Port Antonio the capital of the Parish of Portland, is located on the north east coast of Jamaica, at the foot of the majestic Blue Mountain Range.

The area is noted for having the highest rainfall in Jamaica (up to 150 inches per year) and so, the parish is known for its lush vegetation which is part of its appeal.

One of the most unique features of Port Antonio is its double harbour. The Titchfield Peninsula separates the East Harbour from the West Harbour and together with Navy Island. The Peninsula protects the deeper west harbour from the prevailing easterly winds.

Port Antonio has its unique charm. It was this charm that captivated American Captain, Lorenzo Dow Baker, in 1870 when he sailed into the harbour and decided to start the banana trade and ultimately promote Port Antonio as a tourist destination. The same charm cast its spell on famous movie star, Errol Flynn, in the 1940's. Flynn exclaimed that "Port Antonio was more beautiful than any woman I had ever seen".

As we turn through the pages of history, from the early Spanish settlement to the British settlement when Port Antonio was considered an unhealthy spot and there were few takers of the free land offers, aimed at enticing settlers, tales of Port Antonio unravel an intriguing history. The banana boom, the growth of tourism, the Hollywood connection and its grand schemes and failures, everyone has a tale to tell. There are tales of girls bathing in champagne at the height of the banana boom to men lighting their cigars with £1 notes all adding to the town's mystique

The Titchfield Peninsula was the first place to be settled by the English, and is known as the oldest settlement of the The Barracktown. It separates the East Harbour from the West Harbour. In the early stages the Peninsula was separated from the town centre at high tide until the area was later filled.

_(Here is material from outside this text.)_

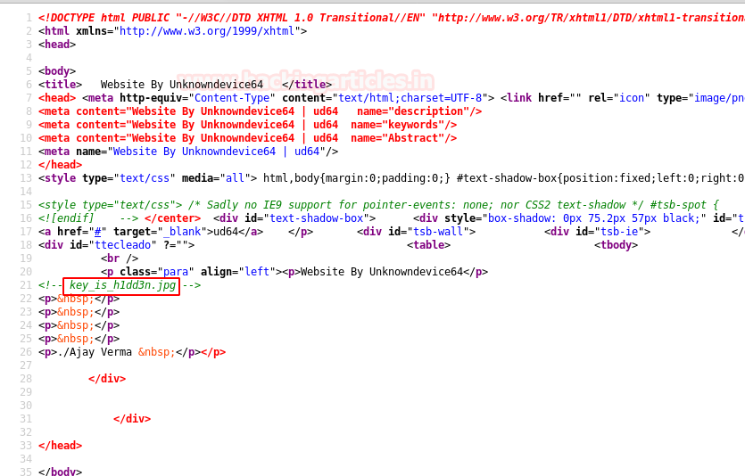 We take a look at the source code of the web page and inside a comment, we find a string called “key_is_h1dd3n.jpg”.

The buildings in the Titchfield Peninsula possess excellent examples of the architectural styles representing different periods in the formation and development of the town. They reflect Jamaican Georgian, Victorian New England, Cape Cod Victorian, Jamaican Vernacular and Victorian styles gingerbread. The predominant style is vernacular Architecture

The Titchfield Peninsula was designated protected National Heritage on the 16th April 1998.